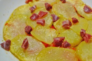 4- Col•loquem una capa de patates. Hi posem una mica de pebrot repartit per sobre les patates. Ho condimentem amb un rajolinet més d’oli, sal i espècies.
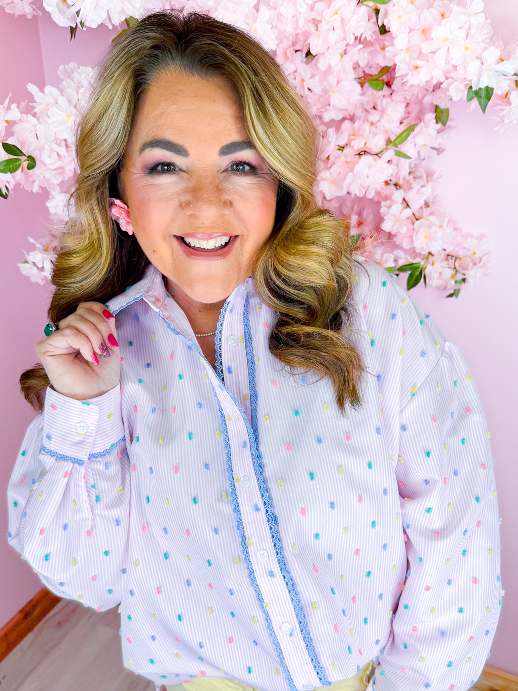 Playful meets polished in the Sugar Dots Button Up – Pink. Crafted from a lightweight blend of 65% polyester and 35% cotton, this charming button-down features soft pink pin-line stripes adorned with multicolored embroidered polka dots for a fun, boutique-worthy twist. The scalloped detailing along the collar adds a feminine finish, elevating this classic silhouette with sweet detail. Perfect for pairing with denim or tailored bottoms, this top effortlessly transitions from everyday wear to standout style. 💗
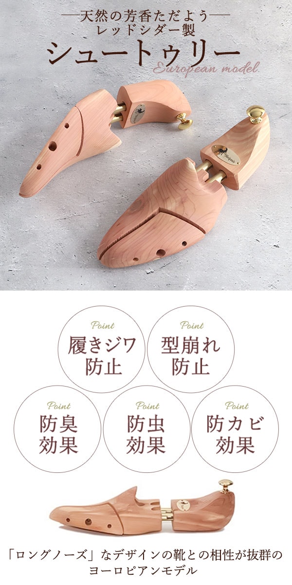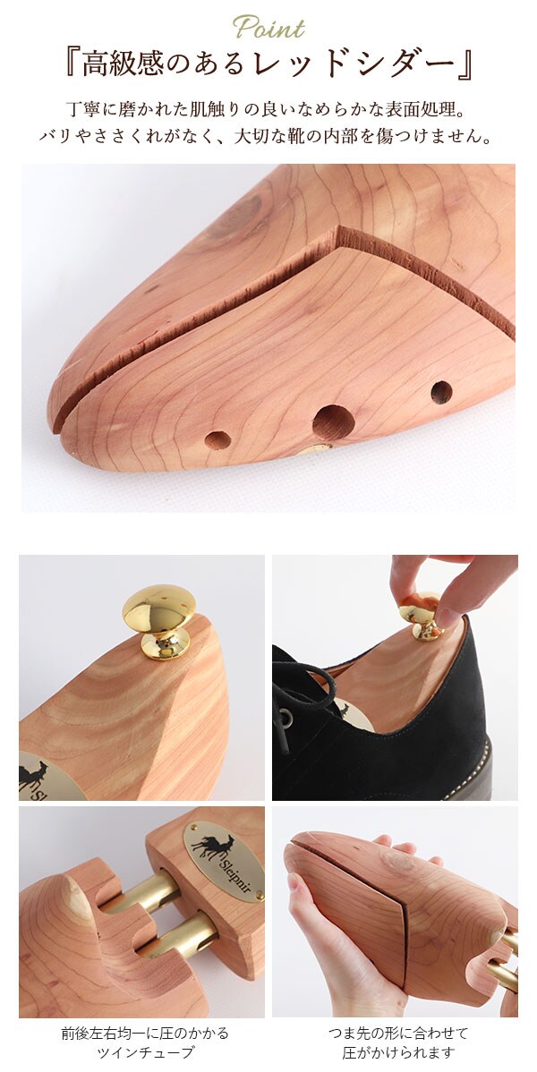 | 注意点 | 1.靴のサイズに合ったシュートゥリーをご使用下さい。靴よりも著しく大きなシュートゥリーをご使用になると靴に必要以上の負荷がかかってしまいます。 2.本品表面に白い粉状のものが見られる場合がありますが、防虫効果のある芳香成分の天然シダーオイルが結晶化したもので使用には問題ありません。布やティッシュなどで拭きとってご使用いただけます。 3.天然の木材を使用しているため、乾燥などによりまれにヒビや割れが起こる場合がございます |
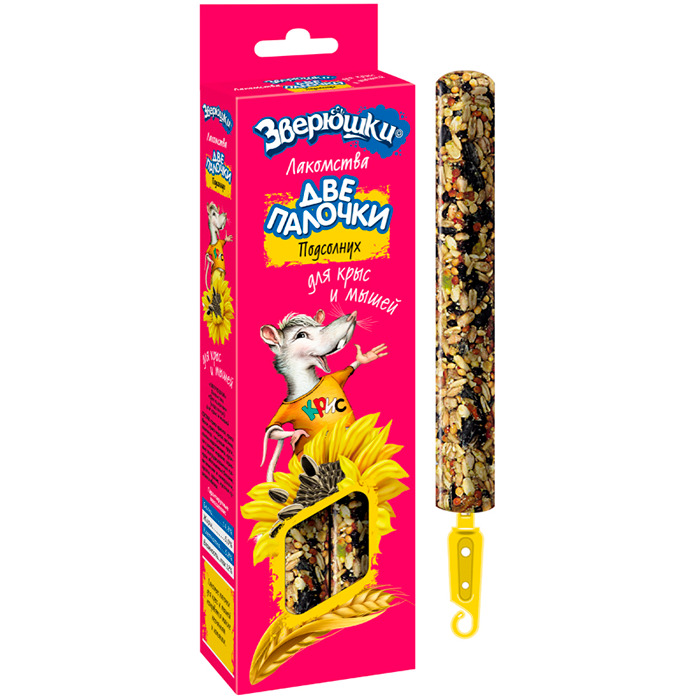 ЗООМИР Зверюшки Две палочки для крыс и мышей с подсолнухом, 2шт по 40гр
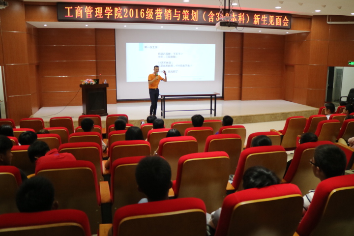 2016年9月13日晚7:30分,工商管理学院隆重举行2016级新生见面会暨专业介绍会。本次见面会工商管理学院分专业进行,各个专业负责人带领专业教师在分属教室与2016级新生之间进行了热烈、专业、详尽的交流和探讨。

+ + + + +

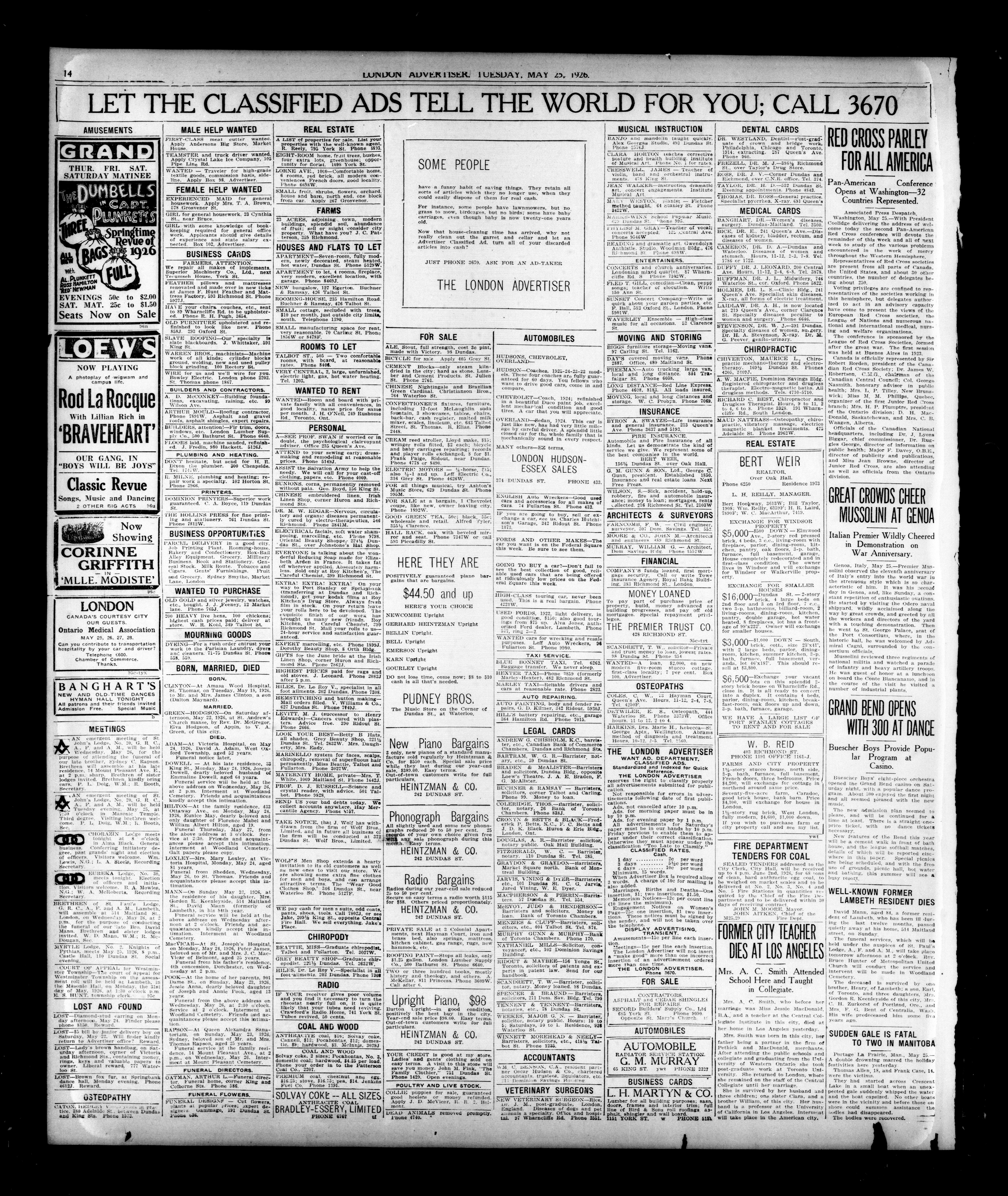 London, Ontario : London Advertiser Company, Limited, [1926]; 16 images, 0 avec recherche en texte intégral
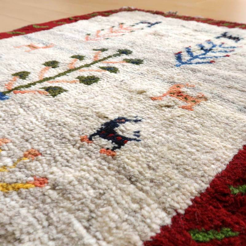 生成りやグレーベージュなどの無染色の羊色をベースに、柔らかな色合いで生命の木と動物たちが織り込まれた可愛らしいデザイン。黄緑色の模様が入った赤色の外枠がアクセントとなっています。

+ + + + +

# PROBLEM DETAILS
Copy out the listing above from the line containing "London, Ontario : London" to the line containing "生成りやグレーベージュなどの", both included, exactly as written and minus the images.

# ANSWER AREA
 London, Ontario : London Advertiser Company, Limited, [1926]; 16 images, 0 avec recherche en texte intégral
 生成りやグレーベージュなどの無染色の羊色をベースに、柔らかな色合いで生命の木と動物たちが織り込まれた可愛らしいデザイン。黄緑色の模様が入った赤色の外枠がアクセントとなっています。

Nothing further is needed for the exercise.